Kahve her ne kadar güne zinde başlamanın simgesi olsa da, fazla tüketildiğinde ciddi sağlık sorunlarına yol açabiliyor. Prof. Dr. Oytun Erbaş’ın açıklamalarına göre, günde birkaç fincanı aşan kahve tüketimi, zamanla bellek bozukluklarına ve hatta Alzheimer riskinde artışa neden olabiliyor. Erbaş, kahvenin içeriğindeki yanmış bileşiklerin uzun vadede akciğer kanserine yol açabileceğini de özellikle vurguluyor.
KAHVE VE SİGARA: ÖLÜMCÜL İKİLİ
Çok sayıda insan için kahve-sigara ikilisi vazgeçilmez olabilir. Ancak bu kombinasyonun sağlığa verdiği zarar düşündüğünüzden çok daha büyük. Erbaş, “Kahveyle birlikte sigara içmek, akciğer kanseri riskini ciddi şekilde artırır. İkisi bir araya geldiğinde tam anlamıyla bir zehir etkisi yaratır” diyerek, bu alışkanlığa karşı net bir uyarıda bulunuyor.
SİYAH ÇAYIN FARK EDİLMEYEN TEHLİKESİ
Prof. Dr. Erbaş’a göre yalnızca kahve değil, fırınlanmış siyah çay da risk taşıyor. Ülkemizde en yaygın tüketilen çay türü olan siyah çay, yüksek sıcaklıklarda işlemden geçtiği için yanmış bileşikler içeriyor. Bu da kahvede olduğu gibi kanser riskini tetikleyebiliyor. Erbaş, ideal tüketim miktarının günde en fazla iki bardak olması gerektiğini söylüyor.
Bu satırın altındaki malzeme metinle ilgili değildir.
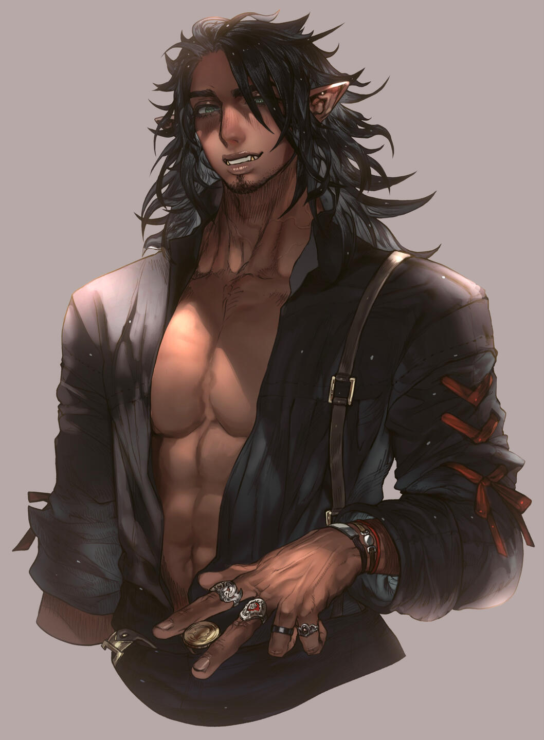 FULL NAME: Regis "Rex" JackdawTRUE NAME: ???ALIAS(ES): Rex, Jack, GrimSEX: MaleSEXUALITY: No preferenceAGE: 54RACE: Pureblood Xaela Au RaMORAL ALIGNMENT: Lawful EvilOCCUPATION(S): Explorer, solo adventurer, Sky Pirate Captain (retired), smuggler (retired), dealer (retired), fence (retired), assassin (retired), information broker (retired).APPEARANCE: Tall (7'1'' / 216cm), broad. Barrel-like torso with thick, solid, functional muscle. Off-season dad bod. Massive, razor-backed tail; ruby underbellied scales. Four hundred and thirty ponze, one hundred of it is his tail. Proceed with caution. Covered in various scars, most notably a deep slash on the lefthand side of his lips.NOTES: Smells like fresh coffee and gunpowder. Unmatched sense of smell, taste, hearing. Wears reading glasses. Temperament of a crocodile.
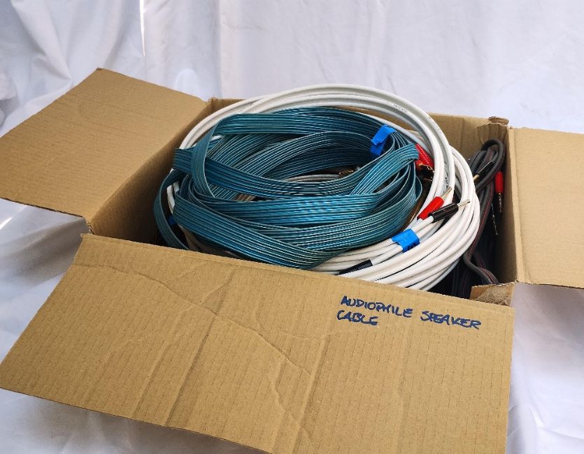 A collection of Various Audiophile Speaker Cables including: Audioquest (2 pairs of 2m socket plugs, pair of Rocket 33 bi-wire 2m and a pair of Easyslip bi-wire 2m) Kimber Kable (pair of blue and black 8 wire 2m, pair of brown and black 8 wire 2.8m and a pair of brown and black 4 wire with socket ends 2.6m. QED (pair of Silver Anniversary 2m and a pair of profile bi-wire with sockets on one end 4m) A pair of NAIM Audio white 3.5m, a pair of Cyrus 2m with socket ends and a pair of Sharkwire 2m with sockets one end and unterminated the other.
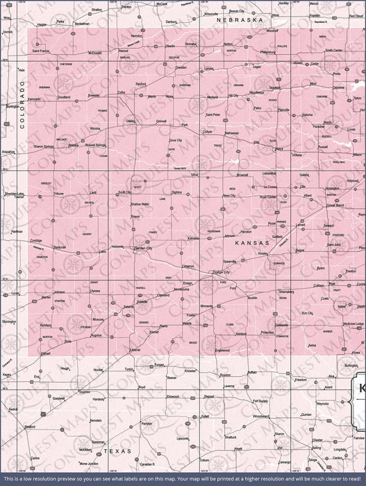 Push Pin Kansas Map (Pin Board) - Pink Color Splash

ÇARPINTI, NABIZ VE YAŞAM SÜRESİ ARASINDAKİ BAĞ
Çayın bir başka zararı ise kalp ritmini etkiliyor olması. Çok fazla çay içmek, kalpte taşikardi (çarpıntı) oluşturabiliyor. Bu durum da nabız sayısını yükseltiyor, dolayısıyla yaşam süresini kısaltabiliyor. Erbaş bu konuda şu uyarıyı yapıyor: “Kalbiniz ne kadar hızlı atarsa o kadar erken ölürsünüz. Net bilgi.” Uzun yaşamak isteyenlere tavsiyesi ise basit: “Kalbinizi hep 65-70 arasında tutun.”
YEŞİL ÇAY ALTERNATİF Mİ?
Yeşil çay genellikle daha sağlıklı olarak lanse edilse de, Erbaş bu konuda da uyarıyor. Marketlerde satılan birçok yeşil çayın da fırınlama işleminden geçtiğini hatırlatıyor. Yani yeşil çay tercih edilecekse doğal ve işlenmemiş olanların seçilmesi gerekiyor.